Output must consist only of the lines of the material below from the one with "Husets køkken har" through the one with "Port Invites Public", each reproduced exactly; no pictures belong in it.

◆ Material for this exercise ◆

::::::

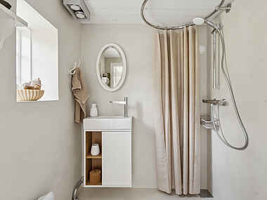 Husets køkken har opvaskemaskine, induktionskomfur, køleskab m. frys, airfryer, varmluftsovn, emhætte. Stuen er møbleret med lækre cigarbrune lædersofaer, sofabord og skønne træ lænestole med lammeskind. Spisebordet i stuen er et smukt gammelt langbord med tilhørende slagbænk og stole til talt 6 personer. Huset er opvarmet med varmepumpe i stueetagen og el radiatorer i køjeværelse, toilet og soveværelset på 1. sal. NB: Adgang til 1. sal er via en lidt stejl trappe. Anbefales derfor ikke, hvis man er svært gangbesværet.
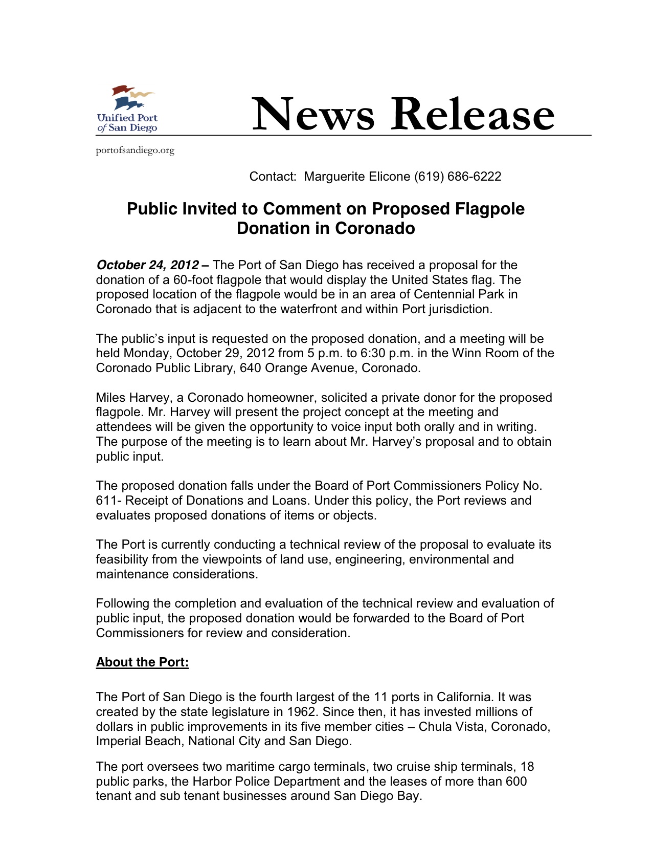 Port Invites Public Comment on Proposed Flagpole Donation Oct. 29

::::::

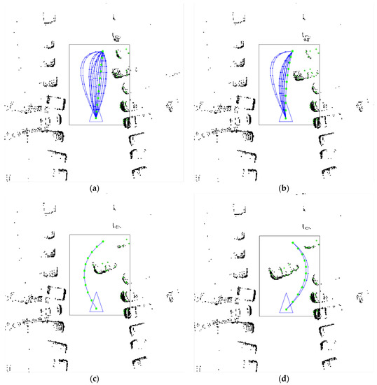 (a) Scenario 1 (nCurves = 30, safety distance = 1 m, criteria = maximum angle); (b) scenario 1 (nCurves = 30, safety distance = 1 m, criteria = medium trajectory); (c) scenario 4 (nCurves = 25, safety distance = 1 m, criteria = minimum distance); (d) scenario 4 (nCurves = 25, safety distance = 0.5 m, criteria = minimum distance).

::::::

◆ Result ◆
 Husets køkken har opvaskemaskine, induktionskomfur, køleskab m. frys, airfryer, varmluftsovn, emhætte. Stuen er møbleret med lækre cigarbrune lædersofaer, sofabord og skønne træ lænestole med lammeskind. Spisebordet i stuen er et smukt gammelt langbord med tilhørende slagbænk og stole til talt 6 personer. Huset er opvarmet med varmepumpe i stueetagen og el radiatorer i køjeværelse, toilet og soveværelset på 1. sal. NB: Adgang til 1. sal er via en lidt stejl trappe. Anbefales derfor ikke, hvis man er svært gangbesværet.
 Port Invites Public Comment on Proposed Flagpole Donation Oct. 29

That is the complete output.